Born with the chromosome disorder Trisomy 13, Annie had little chance of surviving to her teens, but her parents, Barbara and Tim Farlow, had taken comfort in the hospital’s assurance that their daughter’s genetic disorder, also known as Patau syndrome, wouldn’t preclude her from receiving the same level of care as any other child suffering from a medical condition.
But months after Annie’s death, the Farlows discovered that physicians at the hospital had not initiated emergency resuscitation measures in their daughter's case with the same alacrity as they would in others. They also found out that a physician had placed a “do not resuscitate” order on Annie’s chart before obtaining their consent, and subsequently their daughter had been administered an undisclosed quantity of narcotics that, in the Farlows' opinion, could have caused her "unexplained, rapid" decline.
The circumstances surrounding Annie’s death have left the Farlows asking age-old questions that plague Canadian patient advocates, health care professionals, ethicists and policy makers in the face of growing health care resource scarcity: When is it appropriate to limit or withdraw potentially beneficial treatment? Who should make those decisions? How should decisions be made?
“I never took the position that my daughter had a right to any and all treatments, but the unilateral decisions we believe the doctors made should have been made transparently. We have a right to know and appeal the limits of the system, and be provided with whatever care is possible within its confines. Not only do I believe my daughter was denied a chance to prolong her life, the secrecy in which decisions seem to have been made also meant she was denied timely palliative care, and she suffered greatly at the end.”

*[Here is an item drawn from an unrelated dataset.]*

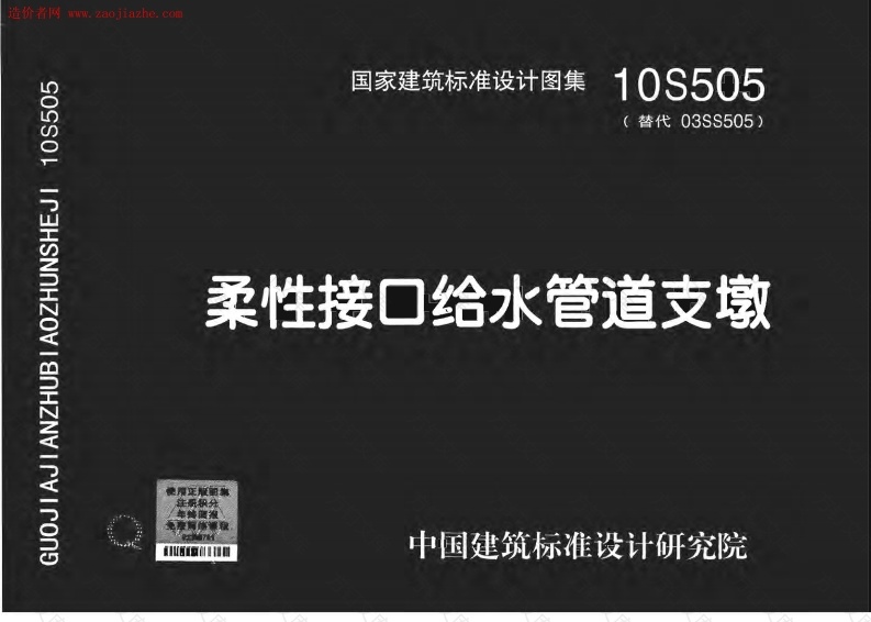 国家建筑标准设计图集10S505(替代03SS505)柔性接口给水管道支墩中国建筑标准设计研究院造价者网www.zaojiazhe.com国家建筑标准设计图集10S505替代03SS505)柔性接口给水管道支墩批准部门:中华人民共和国住房和城乡建设部组织编制:中国建筑标准设计研究院方订中圆计刻虫版社造价者网w.zaojiazhe.com图书在版编目(CIP)数据郑重声明:本图集已授权“全国家建筑标准设计图集.柔性接口给水管道支墩。10国律师知识产权保护协作网”对著S505/中国建筑标准设计研究院组织编制:、一北京:作权(包括专有出版权)在全国范中国计划出版社,2010.10围予以保护,盗版必究。tsBN978-7-80242-536-1举报盗版电话:010-63906404Ⅲ.①建筑设计一中国一图集010-68318822①TU206②yTU991.36-64中国版本图书第CP数据核字(2010)第183963号国家建筑标准设计图集柔性接口给水管道支墩2010年10月第1低2010年10月第1次印刷1SBN978-7-80242-536-1定价:68.00元
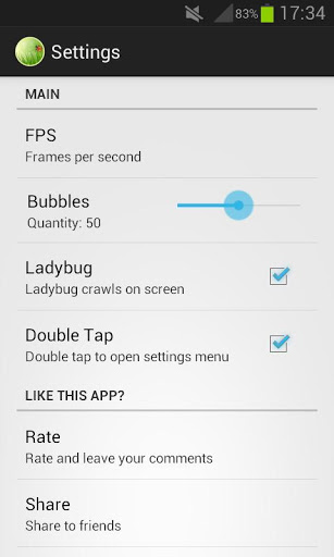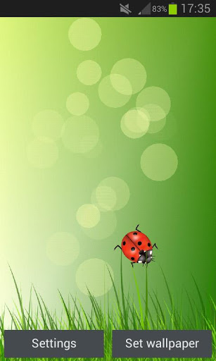 Beautiful spring view with oscillating grass and a lot of tender moving bubbles. Awesome shades of green will give you nice emotions and pure feeling of nature always and everywhere. Cute ladybug, that crawls on the screen, does not give you bored!)

Health expenditures consume more than 50% of revenues in six of Canada’s 10 provinces, not including federal transfers, and are on pace to consume some 75% of revenues in five provinces by the year 2019, according to the Fraser Institute (www.fraserinstitute.org/WorkArea/DownloadAsset.aspx?id=3411).

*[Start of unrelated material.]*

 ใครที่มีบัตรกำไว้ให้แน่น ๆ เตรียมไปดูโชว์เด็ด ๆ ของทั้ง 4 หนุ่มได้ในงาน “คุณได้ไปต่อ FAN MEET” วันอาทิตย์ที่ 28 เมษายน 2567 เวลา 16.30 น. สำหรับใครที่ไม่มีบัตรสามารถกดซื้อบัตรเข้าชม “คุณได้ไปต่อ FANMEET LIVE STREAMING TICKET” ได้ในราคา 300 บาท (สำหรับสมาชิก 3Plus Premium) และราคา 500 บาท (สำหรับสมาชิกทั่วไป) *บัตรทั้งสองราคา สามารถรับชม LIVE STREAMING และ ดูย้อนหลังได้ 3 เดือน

Canada’s aging population and the ongoing development of expensive therapies for life-threatening illnesses are further escalating pressures on the health care system, particularly intensive care units. Surveys estimate that Ontario, among other provinces, will need 80%–93% more intensive beds over the next 20 years, while about 87% of intensive care physicians indicated they had provided “futile” care at least once in the previous year (http://www.cmaj.ca/cgi/content/abstract/177/10/1201?ijkey=90110ebfb38e9dc79c26cfd0ffc266868702b7d4&keytype2=tf_ipsecsha).
“It’s evidenced in things like the exclusion criteria built into new provincial pandemic planning protocols. In the case of a flu pandemic, for example, having a developmental disability now excludes you from access to a ventilator.”
Such protocols set a precedent for withholding and withdrawing beneficial treatment from vulnerable groups, she argues.
Under Canadian law, doctors do not have to provide treatment that they deem “futile." However, without clear consensus about what constitutes futility, clinicians have no clear standard for weighing medical versus nonmedical criteria in their decision making.
“the use of considerable resources without a reasonable hope that the patient would recover to a state of relative independence or be interactive with their environment.”
“These are really existential questions about judging quality of life. I worry we’ll get to a place where we’re the sum of our illnesses. I know that if there’s one respirator and two people, one who will need it for 12 hours and the other who will need it for the rest of their life, there’s a split second allocation decision that’s going to be made, and likely in the favour of the healthier person.”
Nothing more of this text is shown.